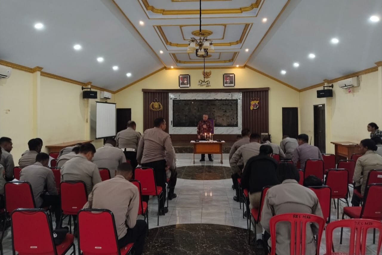Papua – Polres Merauke melaksanakan kegiatan Pembinaan Rohani dan Mental (Binrohtal) bagi seluruh personel dan PNS yang beragama Islam, Nasrani, dan Hindu, pada Kamis (18/12/2025) pukul 08.30 WIT. Kegiatan ini dilaksanakan serentak di tempat ibadah masing-masing, yakni Masjid Al Hadi, Aula SAR Polres Merauke, serta Ruang Kasikum Polres Merauke.
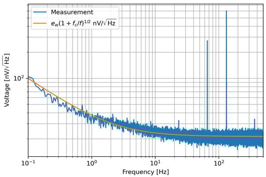 As introduced before, we need to generate a modulation signal in order to move the sensor response to a higher frequency region with a lower noise floor. The selection of the frequency is a trade-off between the 1/f noise, the desired measurement bandwidth, and the effects introduced by the wires to the sensors. This last point can become highly relevant in missions such as LISA, where it the wires can be expected to be from a few to tens of meters. The effect of the parasitic capacitances of wires, boards, and connectors, along with their high dependence on the ambient temperature, can severely impact the measurements, and the seriousness of this issue increases with the modulation frequency. These effects can be minimised in part by analysing only the in-phase component, although this does not completely avoid the problem. Therefore, we characterized the noise of the full chain using the zero calibration position of the multiplexer, which has a high-stability resistor with a similar value to that of the sensor at the center of the scale. As can be seen in Figure 4, the pink noise corner frequency is about 2 Hz. This is because the operational amplifiers and ADC used here are chopper-stabilized; therefore, in principle their pink noise contribution is negligible. The only element contributing is the FDA; as we describe later, this noise is divided by the gain of the input stage, and appears only at very low frequencies. Considering all these issues, we decided to use a nominal modulation frequency of about 10 Hz for our measurements.
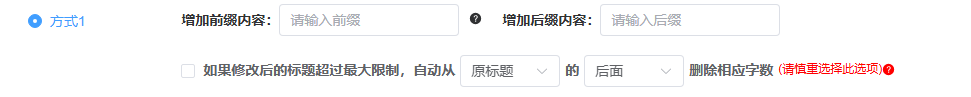 方式1:在原有标题基础上,给一个或者多个商品在标题前面以及后面批量添加关键词,因为平台对于标题有60个字符的限制(特殊类目除外),所以需要勾选如果修改后的标题超出50个字,您希望从哪删除掉字数来腾出空间。

----------

## What needs to be done
Give back the whole listing exactly, without pictures.

## Response for this exercise
Papua – Polres Merauke melaksanakan kegiatan Pembinaan Rohani dan Mental (Binrohtal) bagi seluruh personel dan PNS yang beragama Islam, Nasrani, dan Hindu, pada Kamis (18/12/2025) pukul 08.30 WIT. Kegiatan ini dilaksanakan serentak di tempat ibadah masing-masing, yakni Masjid Al Hadi, Aula SAR Polres Merauke, serta Ruang Kasikum Polres Merauke.
 As introduced before, we need to generate a modulation signal in order to move the sensor response to a higher frequency region with a lower noise floor. The selection of the frequency is a trade-off between the 1/f noise, the desired measurement bandwidth, and the effects introduced by the wires to the sensors. This last point can become highly relevant in missions such as LISA, where it the wires can be expected to be from a few to tens of meters. The effect of the parasitic capacitances of wires, boards, and connectors, along with their high dependence on the ambient temperature, can severely impact the measurements, and the seriousness of this issue increases with the modulation frequency. These effects can be minimised in part by analysing only the in-phase component, although this does not completely avoid the problem. Therefore, we characterized the noise of the full chain using the zero calibration position of the multiplexer, which has a high-stability resistor with a similar value to that of the sensor at the center of the scale. As can be seen in Figure 4, the pink noise corner frequency is about 2 Hz. This is because the operational amplifiers and ADC used here are chopper-stabilized; therefore, in principle their pink noise contribution is negligible. The only element contributing is the FDA; as we describe later, this noise is divided by the gain of the input stage, and appears only at very low frequencies. Considering all these issues, we decided to use a nominal modulation frequency of about 10 Hz for our measurements.
 方式1:在原有标题基础上,给一个或者多个商品在标题前面以及后面批量添加关键词,因为平台对于标题有60个字符的限制(特殊类目除外),所以需要勾选如果修改后的标题超出50个字,您希望从哪删除掉字数来腾出空间。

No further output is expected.